- Netherlands / New Zealand
- Dates: 4 – 5 August 2022
- Captains: Scott Edwards / Mitchell Santner

Twenty20 International series
- Results: New Zealand won the 2-match series 2–0
- Most runs: Bas de Leede (119) / Mitchell Santner (84)
- Most wickets: Tim Pringle (2) Shariz Ahmad (2) Logan van Beek (2) / Blair Tickner (5)

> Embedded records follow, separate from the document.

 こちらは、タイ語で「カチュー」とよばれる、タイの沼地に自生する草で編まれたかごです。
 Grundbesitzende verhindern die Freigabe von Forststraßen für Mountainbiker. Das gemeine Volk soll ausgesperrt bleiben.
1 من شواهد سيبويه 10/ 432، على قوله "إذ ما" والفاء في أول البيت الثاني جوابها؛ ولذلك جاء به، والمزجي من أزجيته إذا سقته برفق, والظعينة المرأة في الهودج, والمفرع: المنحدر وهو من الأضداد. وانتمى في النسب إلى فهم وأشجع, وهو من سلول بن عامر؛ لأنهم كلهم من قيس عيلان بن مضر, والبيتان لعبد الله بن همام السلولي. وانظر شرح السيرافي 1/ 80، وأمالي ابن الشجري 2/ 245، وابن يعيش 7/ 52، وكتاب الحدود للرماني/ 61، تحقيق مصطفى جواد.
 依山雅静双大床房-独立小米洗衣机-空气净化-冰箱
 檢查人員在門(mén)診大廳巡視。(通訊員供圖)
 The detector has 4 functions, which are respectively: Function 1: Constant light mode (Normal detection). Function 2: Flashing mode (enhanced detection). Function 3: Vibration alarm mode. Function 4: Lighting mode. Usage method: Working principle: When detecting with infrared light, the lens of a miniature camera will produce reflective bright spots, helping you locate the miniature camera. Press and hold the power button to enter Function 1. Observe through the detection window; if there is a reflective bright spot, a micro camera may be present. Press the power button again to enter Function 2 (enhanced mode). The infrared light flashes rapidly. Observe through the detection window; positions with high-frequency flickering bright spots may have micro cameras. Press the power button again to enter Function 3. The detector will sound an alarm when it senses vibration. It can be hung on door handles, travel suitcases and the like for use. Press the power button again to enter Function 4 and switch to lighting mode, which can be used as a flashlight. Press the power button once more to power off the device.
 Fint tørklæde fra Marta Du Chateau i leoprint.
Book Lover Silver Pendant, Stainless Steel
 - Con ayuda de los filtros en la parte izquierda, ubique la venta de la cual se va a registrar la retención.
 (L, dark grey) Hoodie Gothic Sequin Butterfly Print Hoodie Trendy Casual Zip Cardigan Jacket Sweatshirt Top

= New Zealand cricket team in the Netherlands in 2022 =

International cricket tour

The New Zealand cricket team toured the Netherlands in August 2022 to play two Twenty20 International (T20I) matches. It was the first time that the New Zealand team had toured the Netherlands since 1986. The tour was originally scheduled for to take place in June 2020 before it was postponed in April 2020 due to the COVID-19 pandemic. On 19 July 2022, the date of the second T20I was brought forward by one day due to a cancellation of a connecting flight for the New Zealand team's tour of the West Indies. During the 2022 summer, New Zealand also toured England, Ireland and Scotland prior to this series.

==Squads==

T20Is
| Netherlands | New Zealand |
| Scott Edwards (c, wk); Shariz Ahmad; Logan van Beek; Tom Cooper; Aryan Dutt; Clayton Floyd; Vivian Kingma; Ryan Klein; Bas de Leede; Stephan Myburgh; Teja Nidamanuru; Max O'Dowd; Tim Pringle; Vikramjit Singh; | Mitchell Santner (c); Finn Allen; Michael Bracewell; Mark Chapman; Dane Cleaver (wk); Jacob Duffy; Lockie Ferguson; Martin Guptill; Adam Milne; Daryl Mitchell; James Neesham; Glenn Phillips; Michael Rippon; Ben Sears; Ish Sodhi; Blair Tickner; |

Adam Milne was ruled out of New Zealand's squad due to an Achilles injury with Jacob Duffy named as his replacement.